Extract from mcc-lidar help file on setting the paramters:
- Current lidar sensors are capable of collecting high density data (e.g., 8
pulses/m2) that translate to a spatial sampling frequency (post
spacing) of 0.35 m/pulse (1/sqrt(8 pulses/m2) = 0.35 m/pulse), which
is small relative to the size of mature trees and will oversample larger trees
(i.e., nominally multiple returns/tree). Sparser lidar data (e.g., 0.25 pulses/m2)

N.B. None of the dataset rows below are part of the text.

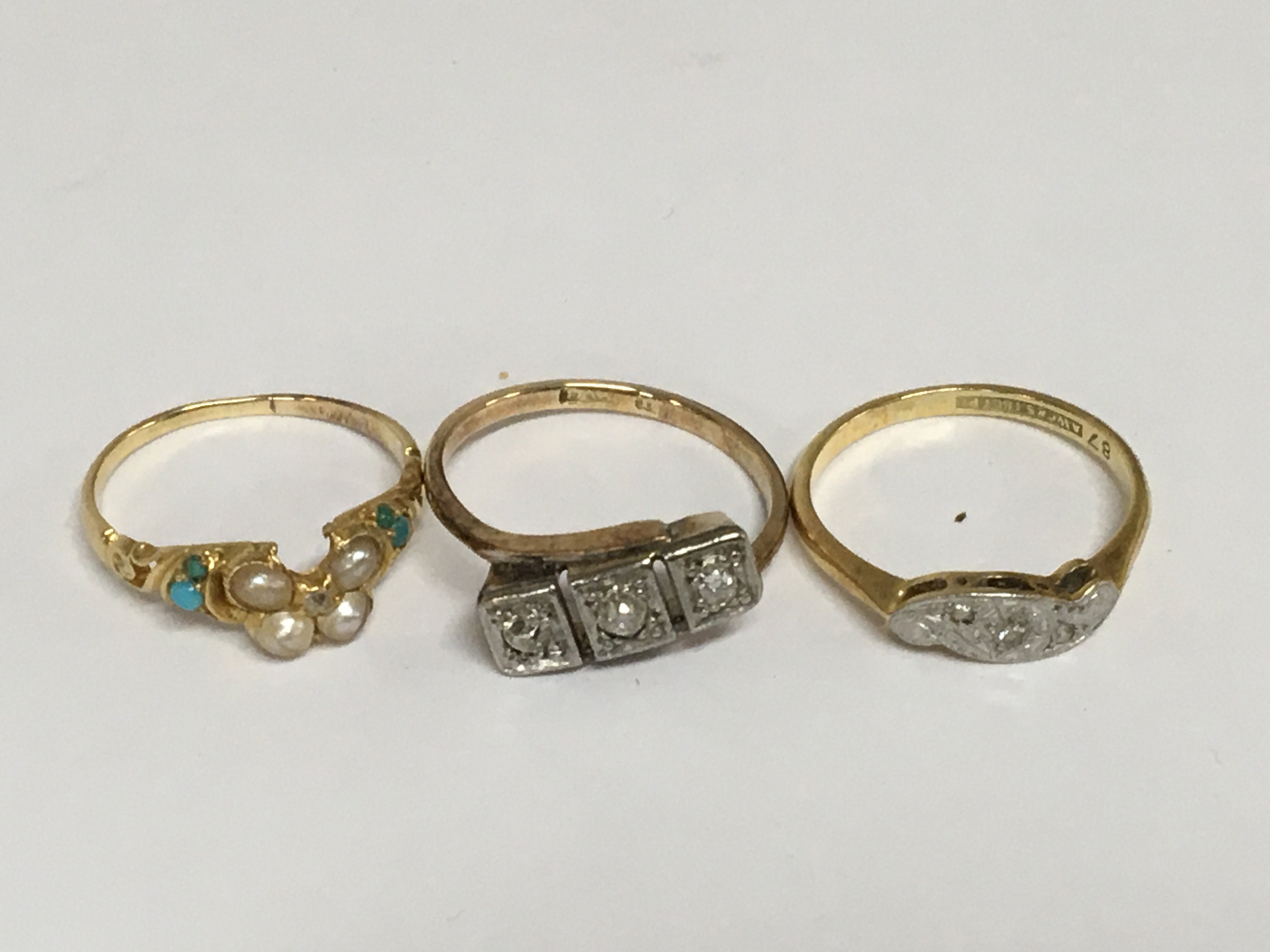Three 18carat gold rings set with small diamonds and seed pearl and turquoise weight 6g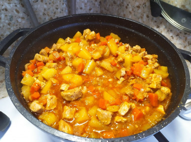 Невероятно вкусное получилось рагу из свинины с картошкой и овощами. Готовила на плите в казане. Обжарила мясо до золотистой корочки, потом в этом же масле лук с морковкой. Всё делала по рецепту. Только когда добавляла воду, добавила немного рассола из банки с маринованными огурцами. Получилось очень сытное, ароматное блюдо. В казане мясо и овощи приобретают особый вкус, томятся на слабом огне. Мясо получается нежное и мягкое, картошка рассыпчатая. Соки свинины и овощей пропитывают и дополняют друг друга. Рекомендую, прекрасный рецепт с подробным и доступным описанием.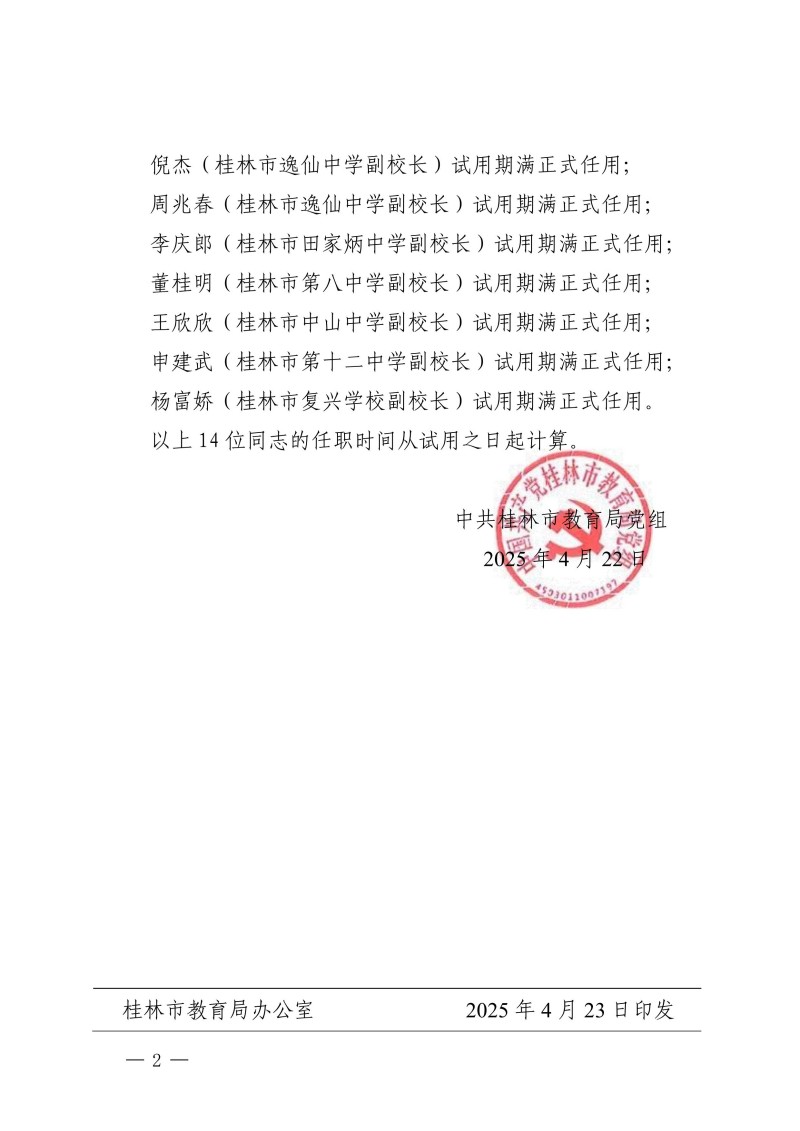 市教干〔2025〕10 号 中共桂林市教育局党组关于周平等同志试用期满正式任职的通知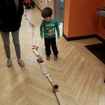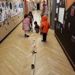 How could we measure it? The list the class generated of ways to measure the trail was amazing. We could line the entire trail with children. We could use a tape measure. We could use string. The most exciting idea was…. let’s measure the trail with blocks! Of course – blocks! Our favorite thing! Before loading an entire class set of unit blocks into our bus and heading to the park, we thought we would do a trial run and measure the hallway with blocks. The kids loved this! Every child was so excited to grab blocks from our block center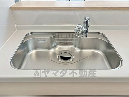大きなお鍋も楽々洗える幅の広いシンクです^^ステンレスシンクなので簡単にお掃除できますよ。洗剤やスポンジもすっきりできる収納付き。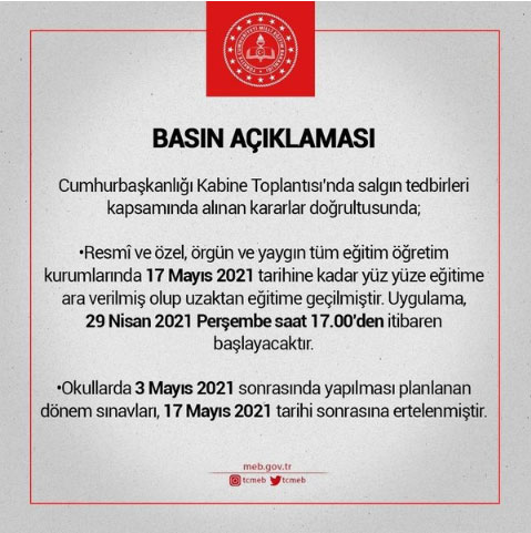 Cumhurbaşkanlığı Kabine Toplantısı'nda salgın tedbirleri kapsamında 29 Nisan - 17 Mayıs tarihleri arasında tam kapanma uygulanacak. Alınan yeni korona kısıtlamalarına ilişin açıklama yapan Cumhurbaşkanı Erdoğan yüz yüze eğitim ve sınavlar hakkında da önemli bir açıklamada bulundu. Yüz yüze eğitimle ilgili alınan kararları açıklayan Erdoğan, "Anaokulu, kreş, 8. ve 12. sınıflar dahil tüm kurumlarda yüz yüze eğitime ara verilecek. Tüm sınavlar ertelenecek." dedi. Başkan Erdoğan’ın açıklaması sonrası da Milli Eğitim Bakanlığı (MEB) tam kapanmaya yönelik uzaktan eğitim açıklaması yaptı. Peki tam kapanma tarihlerinde EBA TV canlı ders olacak mı? İşte detaylar...

translate to a post spacing of 2.0 m/pulse (1/sqrt(0.25 pulses/m2) =
2.0 m/pulse), which would undersample trees and fail to sample some smaller
trees (i.e., nominally <1 return/tree).
- Therefore, a bit of trial and error is warranted to determine the best scale
and curvature parameters to use. Select a las tile containing a good variety of
canopy and terrain conditions, as it's likely the parameters that work best
there will be applicable to the rest of your project area tiles. As a starting
point: if the scale (post spacing) of the lidar survey is 1.5 m, then try 1.5.
Try varying it up or down by 0.5 m increments to see if it produces a more
desirable digital terrain model (DTM) interpolated from the classified ground
returns in the output file. Use units that match the units of the lidar data.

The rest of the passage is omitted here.